Johns Hopkins Scientists Model Saturn’s Interior (Johns Hopkins University). “Researchers simulate conditions necessary for planet’s unique magnetic field,” this press release begins. It is well known among planetary scientists that Saturn does not match theory. A magnetic field is supposed to originate from an angular difference between the spin axis and the magnetic field axis, but in Saturn, both are near completely aligned.

Saturn stands out among the planets in our solar system because its magnetic field appears to be almost perfectly symmetrical around the rotation axis. Detailed measurements of the magnetic field gleaned from the last orbits of NASA’s Cassini mission provide an opportunity to better understand the planet’s deep interior, where the magnetic field is generated, said lead author Chi Yan, a Johns Hopkins PhD candidate.

—but they don’t understand it, and it is “notoriously difficult to study the interior structures of large gaseous planets,” the press release admits. Making up stories, however, is easy. The grad student invents a new theory of “methane rain” to ignite the dynamo. How long has that rainstorm been going? Billions of years? Computer models are not reality, even if they correspond with one’s preferred “scenario” once in awhile.

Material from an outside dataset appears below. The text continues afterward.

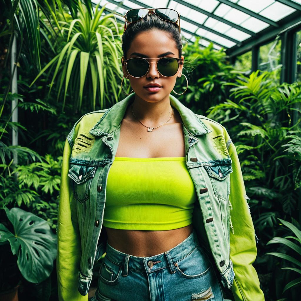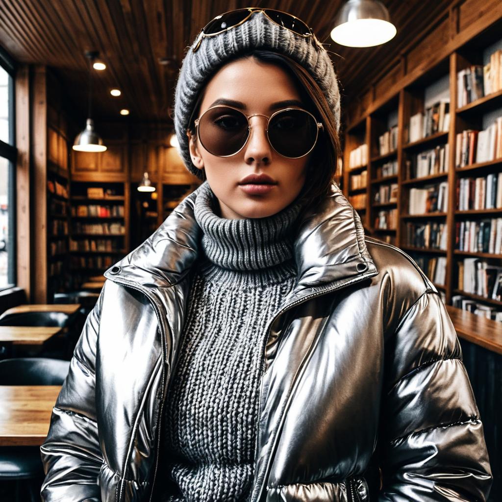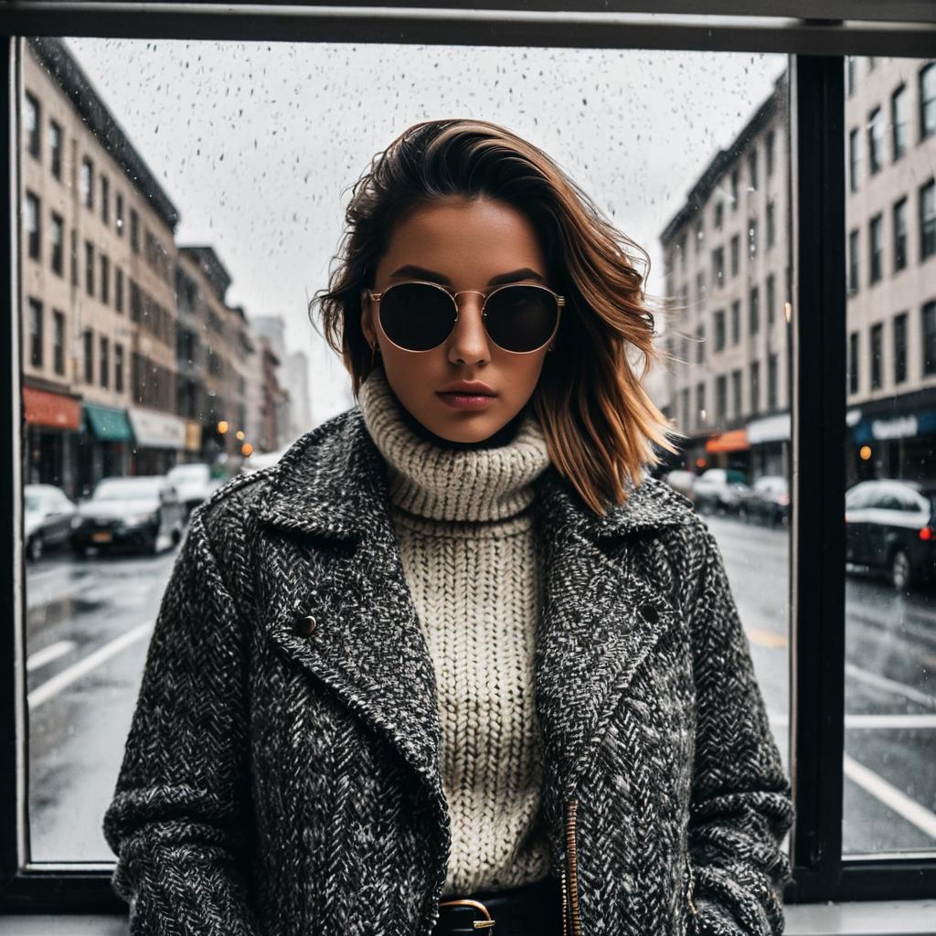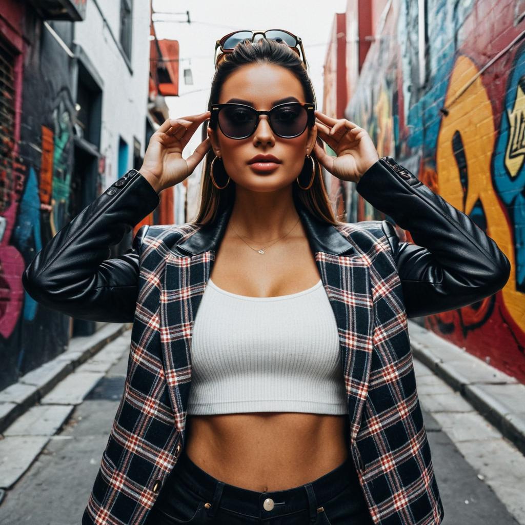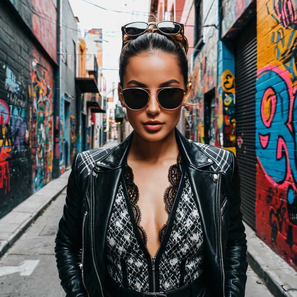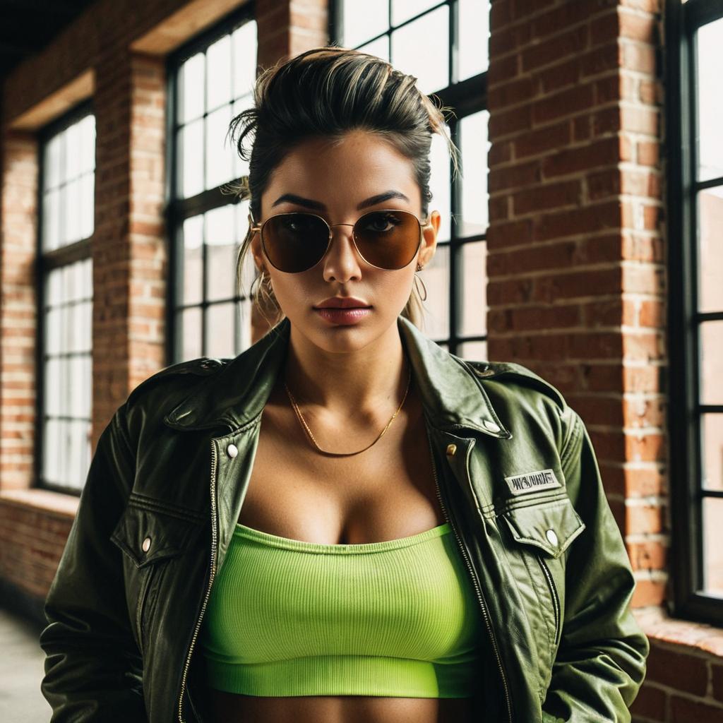 Leather Jacket Street Style, waist-up portrait of a curvy woman posing indoors with large sunglasses pushed up on her head. She wears a vintage band t-shirt and a long black trench coat, open. The background features vintage American diner counter with neon signs. Edgy chic, photorealistic, beautiful eyes

Saturn’s tilt caused by its moons (French National Centre for Scientific Research, CNRS). Two guys from CNRS figured that the present configuration of Saturn’s tilt can be explained by the motions of its moons, but that requires belief in billions of years. “Their work, published on 18 January 2021 in the journal Nature Astronomy, also predicts that the tilt will increase even further over the next few billion years.” The audacity of these guys, predicting what will happen when they will be long gone and no longer accountable for misleading the public! The article is useful in one respect: “These findings call into question previous scenarios.” People should learn a lesson from this. They should learn to call into question current scenarios.

New Chronology of the Saturn System (Planetary Science Institute, Sept 2020). Chief storyteller Alan Fischer of PSI relates a ‘new and improved’ scenario for how Saturn and its moons came to be. Alas; it’s simply a congrats piece about PSI associate Sam Bell, echoing what he said about Titan (above). Bell is still relating what he thinks is “likely” but is now applying his mythoids to the whole Saturn system. Presumably you won’t care because you’re still asleep.

Don’t be intimidated by planetary scientists. They’re just people like you and me, complete with biases. They went to school for years, know a lot of math and jargon, and can take careful measurements better than most. They get a lot of government money. They use it to build amazing machines that can fly and take precise measurements. They can devise models and test them (sometimes) against observations.

Beyond that, they act like a social club within a filter bubble, where nobody dares step outside the boundaries of ‘accepted truth’ lest they get canceled. Few are those able to buck the consensus, because the cost is enormous. They could lose their careers. Did you see the storytelling going on above? Did you detect the unwarranted speculations? They can see what is going on now at Saturn, but they cannot say what went on billions of years ago, because they were not there. They thought Titan was buried under an ocean of ethane, but it wasn’t. They were wrong about that and many other facts that have since come to light.

One logical thing they can do is set upper limits for how long processes have been going on (e.g., the geysers of Enceladus). They will never set them too low, however, because they need billions of years. Why? King Charles, who rules science from the grave, needs the time to get from molecules to man. When it finally hits enough of them that Charlie was a racist, sexist storyteller who needs to be toppled, it might just liberate their minds to question what they think they know about vast ages, and believe what their eyes are telling them about youth. Most likely that will not happen with the current batch. They don’t want to lose their D-Merit Badges that grant them entry to the conferences with wine and croissants. Younger minds, less beholden to the old ways, may some day stop insisting that planets take those billions of years. The planets don’t need them. They don’t want them.